Following the war there was a planned expansion of the city with the development of micro-regions (suburbs) with numerous apartment blocks being built, and many public buildings. During the 1970s and 1980s, there was again a massive building program, and many of the impressive, white marble-faced government and public buildings were erected. In 1967, Bishkek saw one of the rare popular “uprisings” of the Soviet period. The central market at that time was on the site now occupied by Victory Park. A group of policemen on patrol stopped and beat unconscious a drunken soldier. Shoppers, believing the man to be dead, turned upon the police, encircling them – and a riot ensued. The city’s main police headquarters were stormed and ransacked, and others were attacked. Patrolmen were dragged from their cars. A mass demonstration led to a march on the KGB headquarters, which was broken up by troops.

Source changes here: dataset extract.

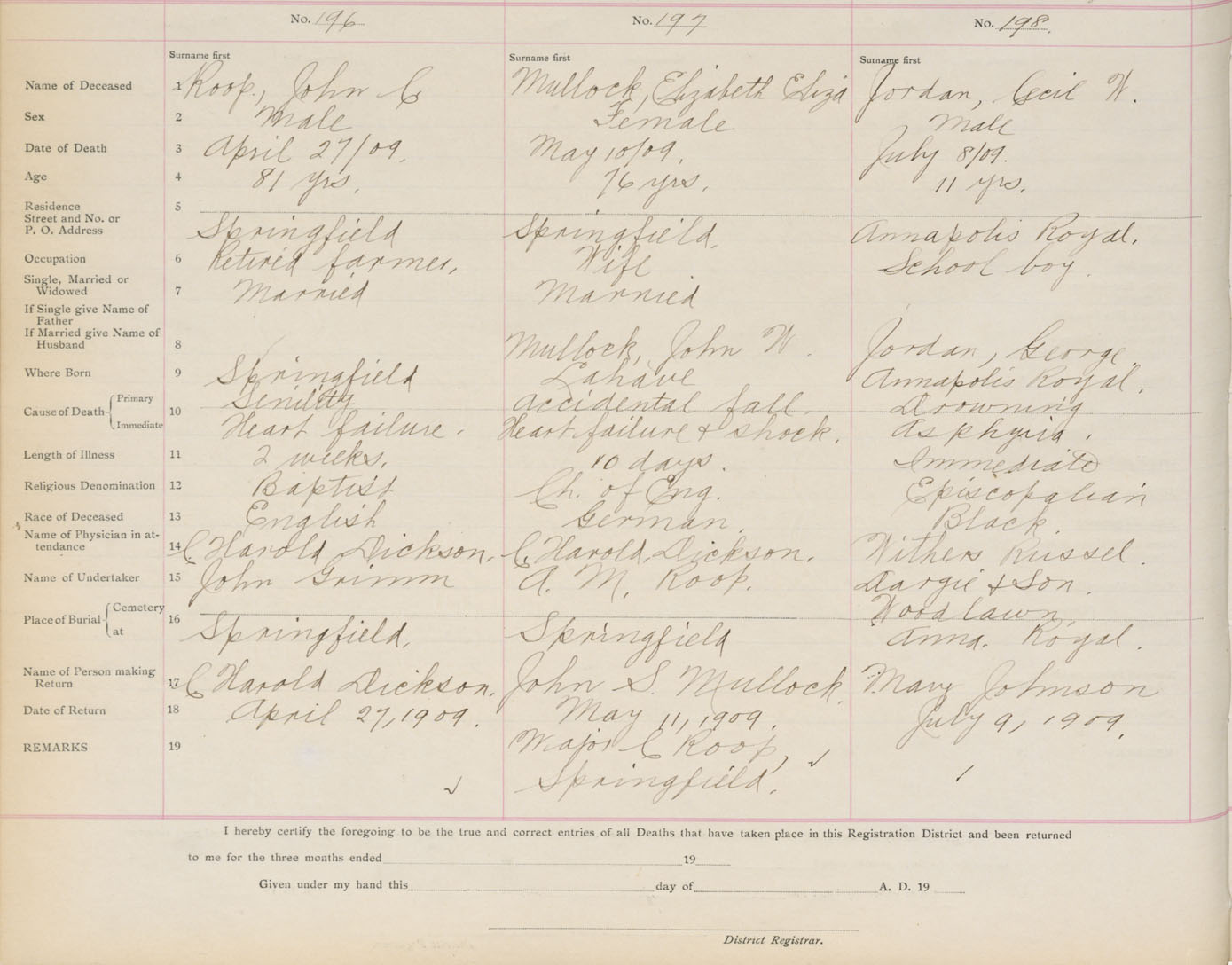 Death Registration: Year: 1909 book: 1 page: 33 number: 198

The city again saw troops moved onto the streets between the city and the airport, hours before the August 1991 coup in Moscow. No one seems certain who ordered them to marshall there. On that day, regular television and radio programs were replaced by broadcasts of Swan Lake, and eventually, President Askar Akaev announced to the nation what had happened.

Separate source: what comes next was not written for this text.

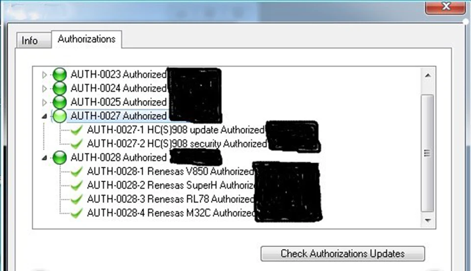 3. Добавить новое разрешение: AUTH-0028-1 авторизованный Renesas V850 и AUTH-0028-2 Renesas SuperH авторизованный 2017/10/9

Frunze was renamed Bishkek in April, 1991. There are several versions of what the name means – but the most common version is that is from the name of an implement used by Kyrgyz women to beat milk in a churn to make kumiz (a fermented drink made from mares’ milk). There is a legend that the Khan’s wife forgot her bishkek and as it was very precious, being studded with jewels, the Khan was very angry and sent 40 men to search for it. Unable to find it, and afraid to return – they settled down to a life in exile and called their encampment Bishkek.

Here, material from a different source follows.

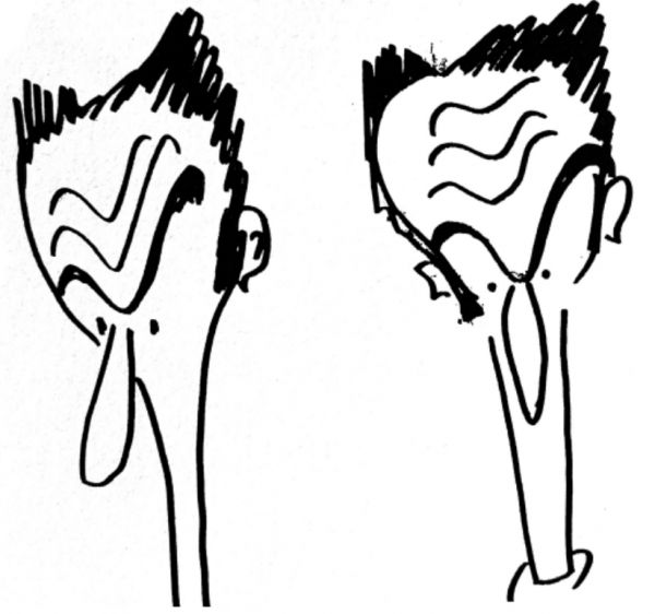 1975 年,卡尔维诺绘制的两幅滑稽自画像。

Another legend refers to five knights who found the land so beautiful they fought over it. In the Kyrgyz language “Besh” means five and “kek” means “chief”. A third links the name to the grave of a busy craftsman whose nickname was “Bishbek” – because he was always busy like a Bishkek making Kumiz. Yet another link is to the Kazakh word “Bes biik” which means “five peaks”. The “official” version recorded in the “Atlas of the Kirghiz SSR” – suggests that it is a corruption of the ancient Sogdian term pishagakh – which means “place below the mountains”.
The city continues to grow and develop. The skyline sees new building designs (in an “individualistic” style), which are a deliberate break with the Soviet “Slab” architectural style. New, western-style, cafes and shop fronts have appeared, in summer a large number of open-air cafes appear in the parks and on streets, advertising billboards have sprung up and the volume of traffic has grown tremendously. Internet cafes now exist on nearly every street corner, as well as inexpensive “ip” long-distance telephone services.
In short – Bishkek is developing into a modern, western-style city.